Sorry for confusion I meant to say change default as ‘parallel’

Dilip

Re: Make default subscription streaming option as Parallel

From
Amit Kapila
Date:
On Mon, Oct 7, 2024 at 4:03 PM vignesh C <vignesh21@gmail.com> wrote:
>
> On Mon, 7 Oct 2024 at 12:26, Hayato Kuroda (Fujitsu)
> <kuroda.hayato@fujitsu.com> wrote:
>
> > One comment for your patch;
> > Shouldn't we add a streaming=off case for pg_dump test?

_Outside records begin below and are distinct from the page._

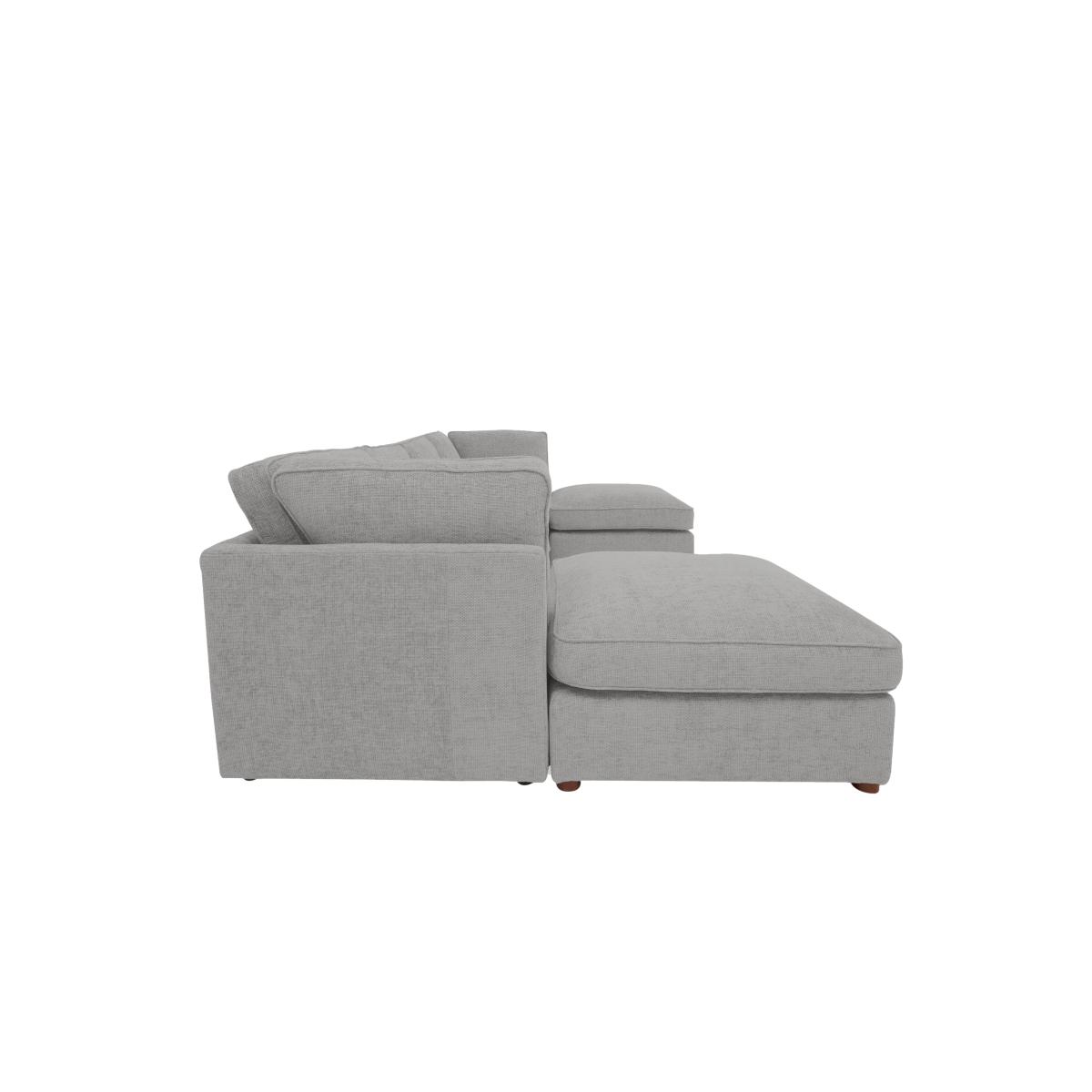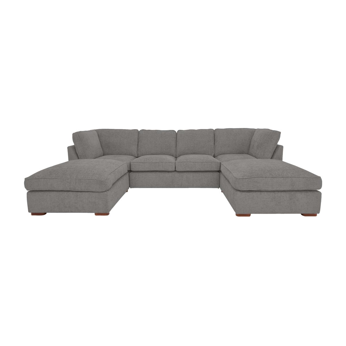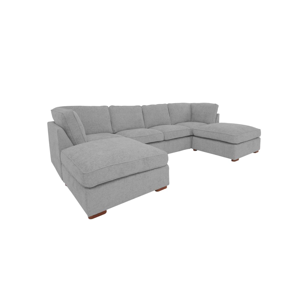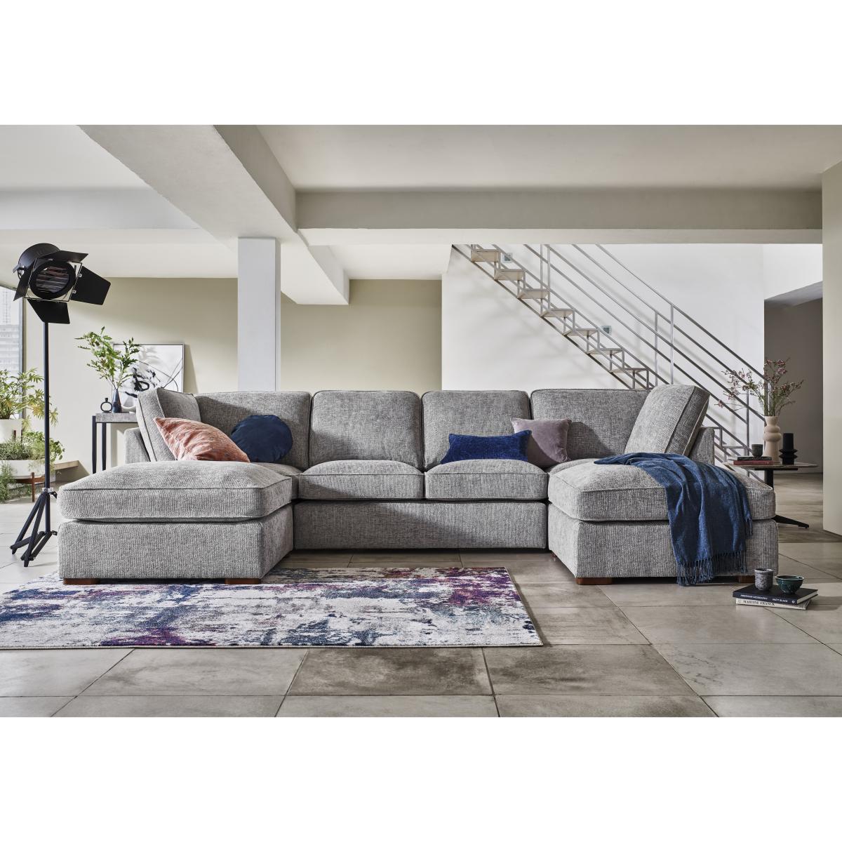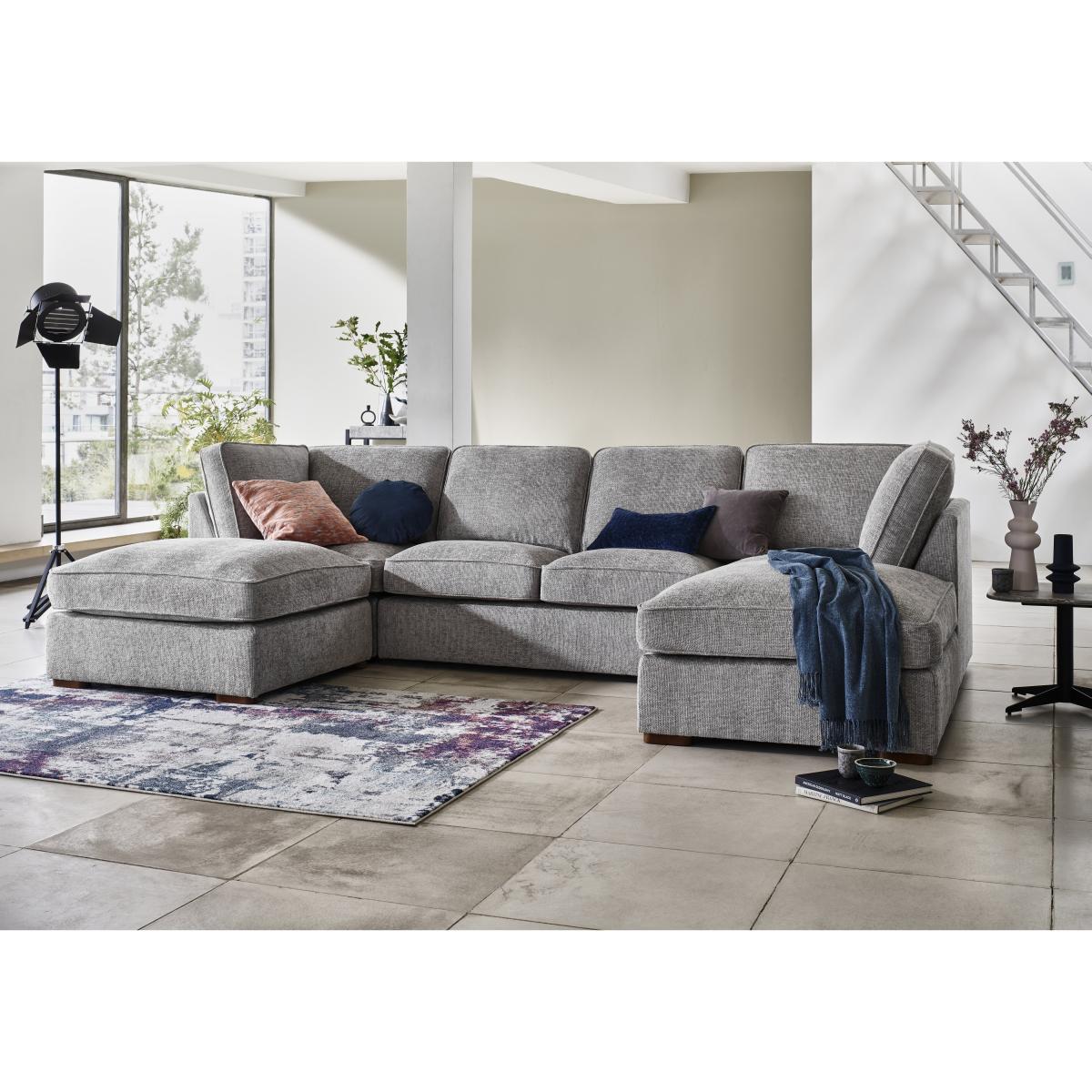 The Emilia range is built for lounging, with sprung seats and squishy cushions that hug you like an old friend. We love the soft hopsack chenille for a tactile upholstery that’s a joy to touch, and the small details like the dark wood feet and curved, cushioned arms are just the cherry on top. And with reversible back cushions, you can reduce wear and extend the life of your sofa or chair. All items in the Emilia range are available with fast delivery, so you can skip the queue and have your perfect sofa delivered sooner than you might think. Handcrafted in the UK exclusively for Furniture Village. Sofas don’t get much more inviting than our chenille-upholstered Emilia large U-shaped corner sofa. It actually has two corners, two chaise ends and super-comfy reversible cushioning. Why you’ll love it This large U-shaped corner sofa is designed for serious relaxation. It’s one of several sizes of U-shaped sofas in the range. Generously proportioned with wide arms and deep seats. With 2 reconfigurable footstools that form the chaise ends. Super-soft, densely woven hopsack chenille upholstery fabric feels so luxurious. Choose from a range of stylish and sophisticated colours. Dark wood feet. Reversible seat and back cushions mean this sofa stays beautiful for longer. Sturdy 9-gauge steel spring seat suspension for exceptional support. Handcrafted exclusively for Furniture Village. Made in the UK. This large U-shaped corner sofa is part of our Emilia range. Need a different size? Take a look at our Emilia standard U-shaped sofas and small U sofas. What you need to know Medium comfort level. Seat suspension: 9-gauge steel springs. Seat cushioning: polyurethane foam. Cushioning is reversible. Back suspension: webbing. Back cushioning: hollow blown fibre. Cushioning is reversible. Arm cushioning: hollow blown fibre. This U-shaped sofa will be delivered in 5 pieces. Please measure carefully to ensure adequate access for our delivery team. Plump, turn and rotate seat and back cushions to promote longer cushion life. Some fabrics can show wear on areas of more use or in direct sunlight. Pile crush and shading are natural characteristics of chenille. Clean regularly using a soft brush or vacuum with the curtain attachment. Deal with any spills promptly. Professional cleaning advised for oil- and grease-based stains. Please read our upholstery care guide for more advice.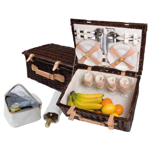 Picknickkoffer aus Weidengeflecht für 4 Personen mit herausnehmbarem Kühlfach, Flaschenkühler, Kunststoffgläsern, Porzellantellern, 12-teiligem Besteck und Kellnermesser aus Metall. Ihre Werbung wird mittels Etikett aus Papier außen angebracht.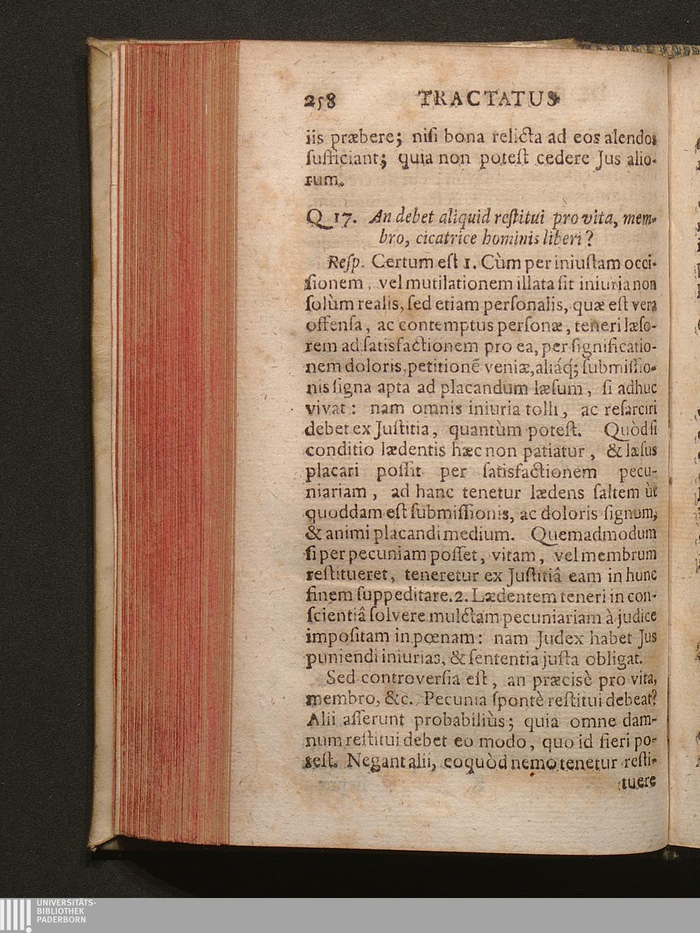 Q. 17. An debet aliquid restitui pro vita, membro, cicatrice hominis liberi?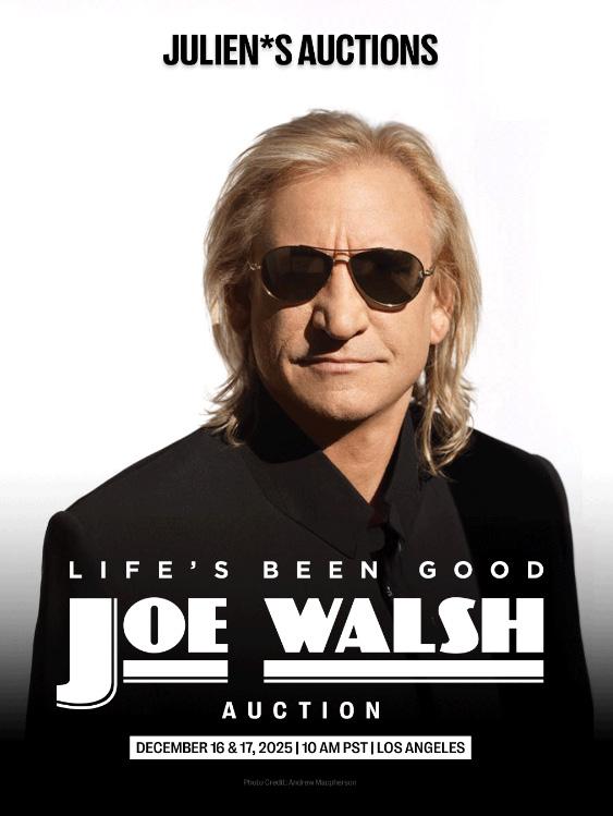In advance of the upcoming auction, “Life’s Been Good: Joe Walsh”, taking place December 16 and 17th in Los Angeles, Julien’s announced two exclusive limited-edition box sets celebrating Walsh’s legendary career and the collection being offered. Each box set includes a collectible card that plays Walsh’s iconic hit “Life’s Been Good”, when opened, creating a unique, interactive keepsake for fans and collectors: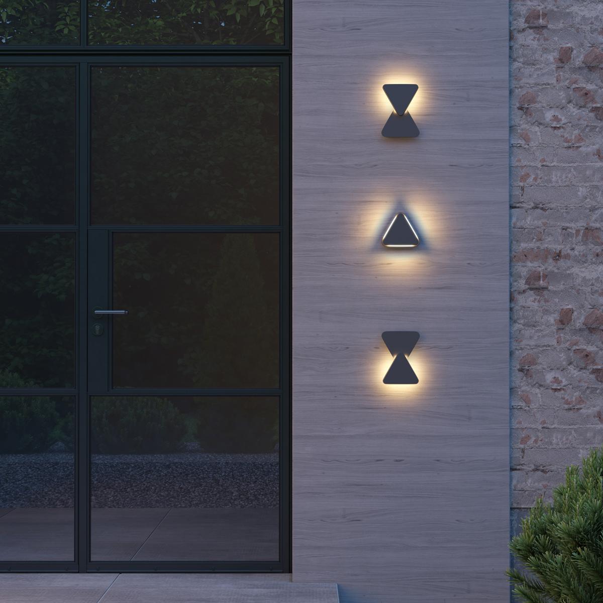 Уличный настенный светодиодный светильник Novotech Street Kaimas 358087 от Венгерского бренда Novotech из коллекции Kaimas выполненный в хай-тек стиле, осветит площадь до кв.м. Светильник имеет алюмииневой корпус темно-серого цвета с плафонами из металла темно-серого цвета плафонами в форме - треугольника.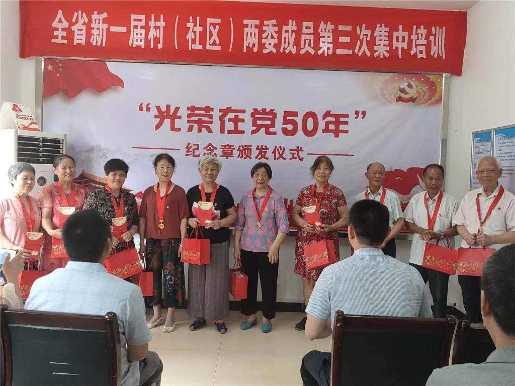 为庆祝中国共产党成立100周年,进一步增强老党员的荣誉感、归属感和使命感,6月18日上午,西子社区党委举办“光荣在党50年”纪念章颁发仪式。为10名有着50年以上党龄的老党员代表佩戴纪念章并送上贺卡,老党员们接过沉甸甸的纪念章,脸上洋溢着幸福的笑容。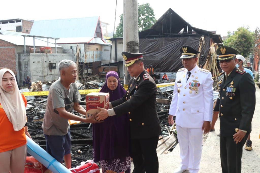 News Lintas Sulawesi/WAJO SULSEL : Polres Wajo Bersama Forkopimda kabupaten Wajo peduli kebakaran dengan memberikan bantuan sembako kepada masyarakat yang terkena musibah kebakaran di Jalan RA. Kartini Lr Hitam Kel. Lapongkoda Kec. Tempe Kab. Wajo. Rabu (04/10/2023)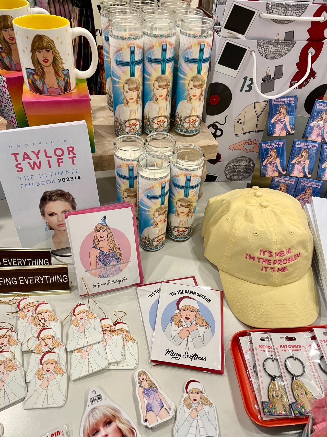 Renée Olson通常不會在她的新澤西州Frenchtown禮品店Sublime中儲備與流行文化相關的商品,但在泰勒·斯威夫特的這一年,她破例了。自10月底以來,她店裏的一張桌子上擺滿了各種商品,從5美元的手纏友誼手鍊貼紙到25美元裝飾有這位明星面孔的祈禱蠟燭。一款37美元的“Merry Swiftmas”袋子已經售罄。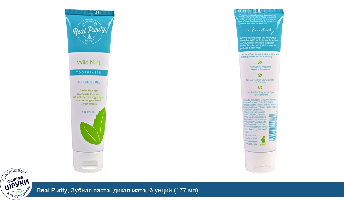 Друзья, если у вас есть отзыв/дополнение/комментарий/вопрос относительно Real Purity, Зубная паста, дикая мата, 6 унций (177 мл) - напишите его ответом в эту тему (это будет полезно всему сообществу в целом и вам в отдельности).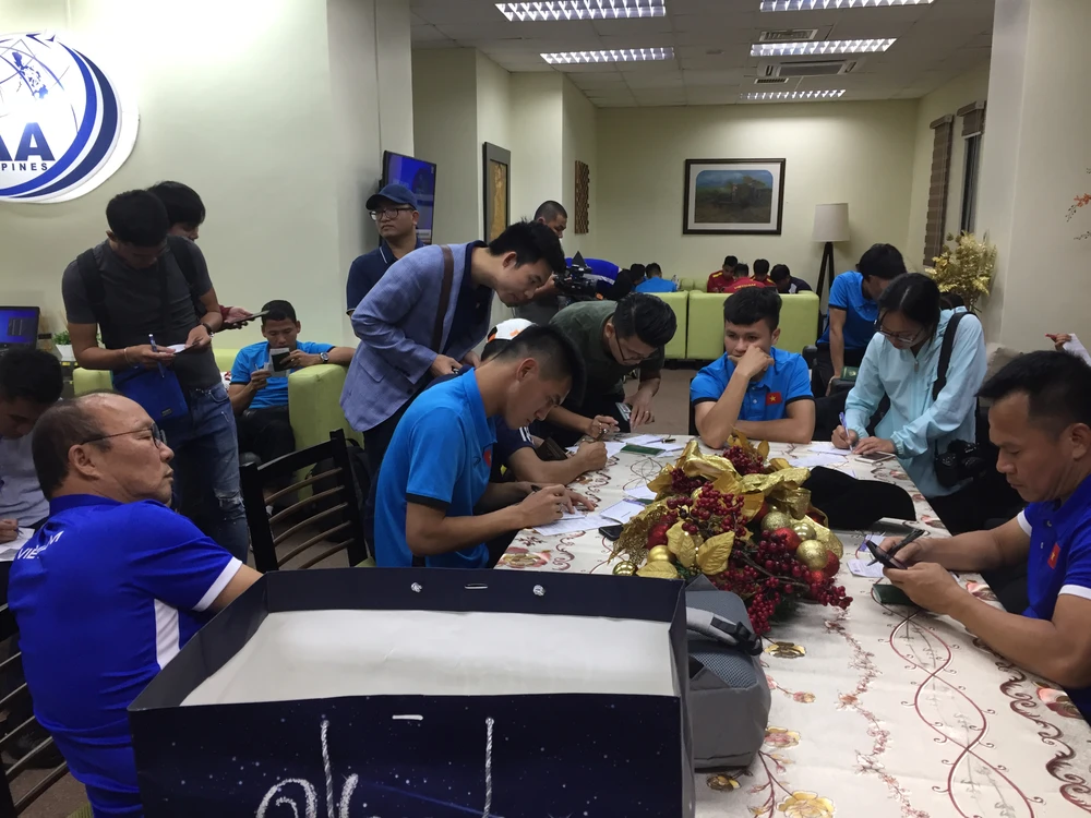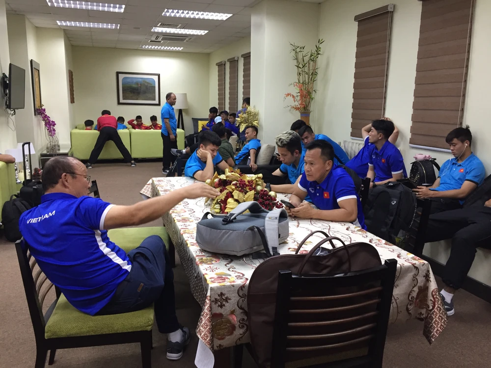 Do không có đường bay thẳng từ Hà Nội đến TP Bacolod, thầy trò Park Hang-seo đi chuyên cơ đến bất ngờ nên buộc phải có xác nhận từ cửa khẩu sân bay quốc tế Manila. Chính vì thế, đội tuyển Việt Nam phải đợi hoàn tất các thủ tục mới có thể về khách sạn nghỉ ngơi.

You added lines but no one
> > passes it.
> >
>
> Update existing pg_dump tests to cover the streaming options, the
> attached patch has the changes for the same.
>

@@ -5235,6 +5235,8 @@ dumpSubscription(Archive *fout, const
SubscriptionInfo *subinfo)
  appendPQExpBufferStr(query, ", streaming = on");
  else if (strcmp(subinfo->substream, "p") == 0)
  appendPQExpBufferStr(query, ", streaming = parallel");
+ else
+ appendPQExpBufferStr(query, ", streaming = off");

For newer versions (>=18), we shouldn't need to specify "streaming =
parallel" while creating a subscription as that will be the default.
However, with the above code pg_dump statements will still have that.
There is nothing wrong with that but ideally, it won't be required.
Now, OTOH, doing that would require some version-handling code, which
is nothing new for pg_dump but not sure it makes sense for this
particular case. Another related point is that normally we don't
recommend people to use dump generated with pg_dump to use with lower
server versions than pg_dump itself, but the current proposed patch
will allow that. However, if we change it as I am saying that won't be
possible. So, I am okay with the current code but want to see if
anyone else thinks otherwise or if I am missing something.

--
With Regards,
Amit Kapila.



Re: Make default subscription streaming option as Parallel

From
Peter Smith
Date:
On Mon, Oct 21, 2024 at 5:09 PM Amit Kapila <amit.kapila16@gmail.com> wrote:
>
> On Mon, Oct 7, 2024 at 4:03 PM vignesh C <vignesh21@gmail.com> wrote:
> >
> > On Mon, 7 Oct 2024 at 12:26, Hayato Kuroda (Fujitsu)
> > <kuroda.hayato@fujitsu.com> wrote:
> >
> > > One comment for your patch;
> > > Shouldn't we add a streaming=off case for pg_dump test? You added lines but no one
> > > passes it.
> > >
> >
> > Update existing pg_dump tests to cover the streaming options, the
> > attached patch has the changes for the same.
> >
>
> @@ -5235,6 +5235,8 @@ dumpSubscription(Archive *fout, const
> SubscriptionInfo *subinfo)
>   appendPQExpBufferStr(query, ", streaming = on");
>   else if (strcmp(subinfo->substream, "p") == 0)
>   appendPQExpBufferStr(query, ", streaming = parallel");
> + else
> + appendPQExpBufferStr(query, ", streaming = off");
>
> For newer versions (>=18), we shouldn't need to specify "streaming =
> parallel" while creating a subscription as that will be the default.
> However, with the above code pg_dump statements will still have that.
> There is nothing wrong with that but ideally, it won't be required.
> Now, OTOH, doing that would require some version-handling code, which
> is nothing new for pg_dump but not sure it makes sense for this
> particular case. Another related point is that normally we don't
> recommend people to use dump generated with pg_dump to use with lower
> server versions than pg_dump itself, but the current proposed patch
> will allow that. However, if we change it as I am saying that won't be
> possible.

Leaving the patch as-is seems better to me.

PROS
- The simple code explicitly setting all parameter values is easy to
understand as-is.
- AFAICT it works for all that the pg_dump docs [1] guarantees.
- No version handling code will be needed...
- Therefore, no risk of accidentally introducing any versioning bugs.
- Yields a more portable dump file (even though not guaranteed by pg_dump docs)

CONS
- A few more chars in the dump file?
- What else?

======
[1] https://www.postgresql.org/docs/devel/app-pgdump.html

Kind Regards,
Peter Smith.
Fujitsu Australia